Throughout this book, the $ character will denote a Bash shell. Therefore, $ ./mvnw clean install would mean to run the ./mvnw command in the top-level directory of the git clone (that is, Building-Big-Data-Pipelines-with-Apache-Beam). By using chapter1$ ../mvnw clean install, we mean to run the specified command in the subdirectory called chapter1.

Why Apache Beam?

There are two basic questions we might ask when considering a new technology to learn and apply in practice:

What problem am I struggling with that the new technology can help me solve?
What would the costs associated with the technology be?

Every sound technology has a well-defined selling point – that is, something that justifies its existence in the presence of competing technologies. In the case of Beam, this selling point could be reduced to a single word: portability. Beam is portable on several layers:

Beam's pipelines are portable between multiple runners (that is, a technology that executes the distributed computation described by a pipeline's author).
Beam's data processing model is portable between various programming languages.
Beam's data processing logic is portable between bounded and unbounded data.

Each of these points deserves a few words of explanation. By runner portability, we mean the possibility to run existing pipelines written in one of the supported programming languages (for instance, Java, Python, Go, Scala, or even SQL) against a data processing engine that can be chosen at runtime. A typical example of a runner would be Apache Flink, Apache Spark, or Google Cloud Dataflow. However, Beam is by no means limited to these; new runners are created as new technologies arise, and it's very likely that many more will be developed.

When we say Beam's data processing model is portable between various programming languages, we mean it has the ability to provide support for multiple SDKs, regardless of the language or technology used by the runner. This way, we can code Beam pipelines in the Go language, and then run these against the Apache Flink Runner, written in Java.

Last but not least, the core of Apache Beam's model is designed so that it is portable between bounded and unbounded data. Bounded data is what was historically called batch processing, while unbounded data refers to real-time processing (that is, an application crunching live data as it arrives in the system and producing a low-latency output).
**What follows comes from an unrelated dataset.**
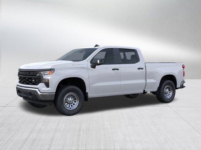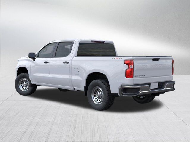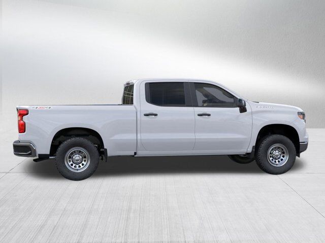 AUTO-LOCKING REAR DIFFERENTIAL,GVWR 7100 LBS. (3221 KG),JET BLACK VINYL SEAT TRIM,GLASS DEEP-TINTED,TAILGATE GATE FUNCTION MANUAL WITH EZ LIFT includes power lock and release,TIRE SPARE 265/70R17SL ALL-SEASON BLACKWALL,AIR FILTER HEAVY-DUTY,SUMMIT WHITE,DEFOGGER REAR-WINDOW ELECTRIC,SKID PLATES,MIRRORS OUTSIDE HEATED POWER-ADJUSTABLE When (PQA) WT Safety Package is ordered includes (DP6) high gloss Black mirror caps.),COOLING EXTERNAL ENGINE OIL COOLER,ENGINE BLOCK HEATER,ENGINE 5.3L ECOTEC3 V8 (355 hp [265 kW] @ 5600 rpm 383 lb-ft of torque [518 Nm] @ 4100 rpm); featuring available Dynamic Fuel Management that enables the engine to operate in 17 different patterns between 2 and 8 cylinders depending on demand to optimize power delivery and efficiency,BUMPER FRONT CHROME,UPFITTER SWITCH KIT (5) Provides 3-30 amp and 2-20 amp configurable circuits to facilitate installation of aftermarket electrical accessories. Kit with all required parts will be shipped loose with the truck for installation by the dealer or upfitter at customer expense. Installation instructions and technical assistance available at www.gmupfitter.com.,TRAILERING PACKAGE includes trailer hitch 7-pin and 4-pin connectors and (CTT) Hitch Guidance,SEATS FRONT 40/20/40 SPLIT-BENCH with covered armrest storage and under-seat storage (lockable) (STD),WT CONVENIENCE PACKAGE includes (AKO) tinted windows (C49) rear-window defogger and (DLF) power mirrors,ALTERNATOR 170 AMPS,TRAILER BRAKE CONTROLLER INTEGRATED,LICENSE PLATE KIT FRONT,AUDIO SYSTEM CHEVROLET INFOTAINMENT 3 SYSTEM 7 diagonal HD color touchscreen AM/FM stereo Bluetooth audio streaming for 2 active devices voice command pass-through to phone Wireless Apple CarPlay and Wireless Android Auto compatibility (STD),REAR PEDESTRIAN ALERT,WORK TRUCK PREFERRED EQUIPMENT GROUP includes standard equipment,TIRES 265/70R17 ALL-TERRAIN BLACKWALL,WT VALUE PACKAGE includes (PCV) WT Convenience Package and (Z82) Trailering Package,REAR AXLE 3.23 RATIO,REAR CROSS TRAFFIC BRAKING,LANE CHANGE ALERT WITH SIDE BLIND ZONE ALERT,WHEELS 17 X 8 (43.2 CM X 20.3 CM) ULTRA SILVER PAINTED STEEL (STD),TRANSMISSION 10-SPEED AUTOMATIC ELECTRONICALLY CONTROLLED with overdrive and tow/haul mode. Includes Cruise Grade Braking and Powertrain Grade Braking,POWER OUTLET INTERIOR POWER OUTLET 120-VOLT (400 watts shared with (KC9) bed mounted power outlet) Includes (UBI) USB ports.),HITCH GUIDANCE dynamic single line to aid in trailer alignment for hitching,12 MONTHS ONSTAR TELEMATICS Includes up to 12 months of OnStar Telematics. Provides actionable insights to help optimize your fleet's operations and allow remote vehicle management. OnStar Telematics does not include emergency or security services. Eligible customers must sign up for an account at gmenvolve.com/software/onstar in order to take advantage of this 12 month offer. Active connected vehicle services working electrical system cell reception and GPS signal required. Service coverage varies with conditions and location. Service availability features and functionality vary by device and software version. See gmenvolve.com/software/onstar for details and limitations. Non-transferable and non-refundable.,USB PORTS REAR DUAL CHARGE-ONLY,POWER OUTLET BED MOUNTED 120-VOLT (400 watts shared with (KI4) interior power outlet),FRONT AND REAR PARK ASSIST ULTRASONIC,COOLING AUXILIARY EXTERNAL TRANSMISSION OIL COOLER,BUMPER REAR CHROME,CHEVYTEC SPRAY-ON BEDLINER BLACK (does not include spray-on liner on tailgate due to Black composite inner panel),LIGHTING PERIMETER,WT SAFETY PACKAGE includes (UD5) Front and Rear Park Assist (UKC) Lane Change Alert with Side Blind Zone Alert (UFB) Rear Cross Traffic Braking (V46) Chrome front bumper (VJH) Chrome rear bumper (UKK) Rear Pedestrian Alert and (DP6) high gloss Black mirror caps (Includes (U12) Perimeter Lighting.,WORK TRUCK PACKAGE Includes (NZZ) skid plates and (K47) heavy-duty air filter,MIRROR CAPS PAINTED (High gloss Black.,Lane Departure Warning,Lane Keeping Assist,Front Collision Mitigation,Front Collision Warning,Automatic Highbeams,Keyless Start,Four Wheel Drive,Tow Hooks,Power Steering,ABS,4-Wheel Disc Brakes,Steel Wheels,Tires - Front All-Season,Tires - Rear All-Season,Tires - Front All-Season,Tires - Rear All-Season,Daytime Running Lights,Automatic Highbeams,AM/FM Stereo,MP3 Capability,Bluetooth Connection,Auxiliary Audio Input,Smart Device Integration,Bluetooth Connection,Smart Device Integration,Bluetooth Connection,WiFi Hotspot,Split Bench Seat,Vinyl Seats,Pass-Through Rear Seat,Rear Bench Seat,Floor Mats,Adjustable Steering Wheel,Power Windows,Power Door Locks,Keyless Entry,Power Door Locks,Cruise Control,Power Outlet,MP3 Capability,Auxiliary Audio Input,A/C,Front Collision Mitigation,Front Collision Warning,Front Collision Mitigation,Traction Control,Stability Control,Daytime Running Lights,Driver Air Bag,Passenger Air Bag,Front Side Air Bag,Front Head Air Bag,Rear Head Air Bag,Passenger Air Bag Sensor,Telematics,Requires Subscription,Telematics,Navigation from Telematics,Requires Subscription,Back-Up Camera,Lane Departure Warning,Lane Keeping Assist,Front Collision Warning,Driver Restriction Features,Tire Pressure Monitor

Putting these pieces together, we can describe Beam as a tool that lets you deal with your big data architecture with the following vision:

Choose your preferred language, write your data processing pipeline, run this pipeline using a runner of your choice, and do all of this for both batch and real-time data at the same time.

Because everything comes at a price, you should expect to pay for flexibility like this – this price would be a somewhat bigger overhead in terms of CPU and/or memory usage. The Beam community works...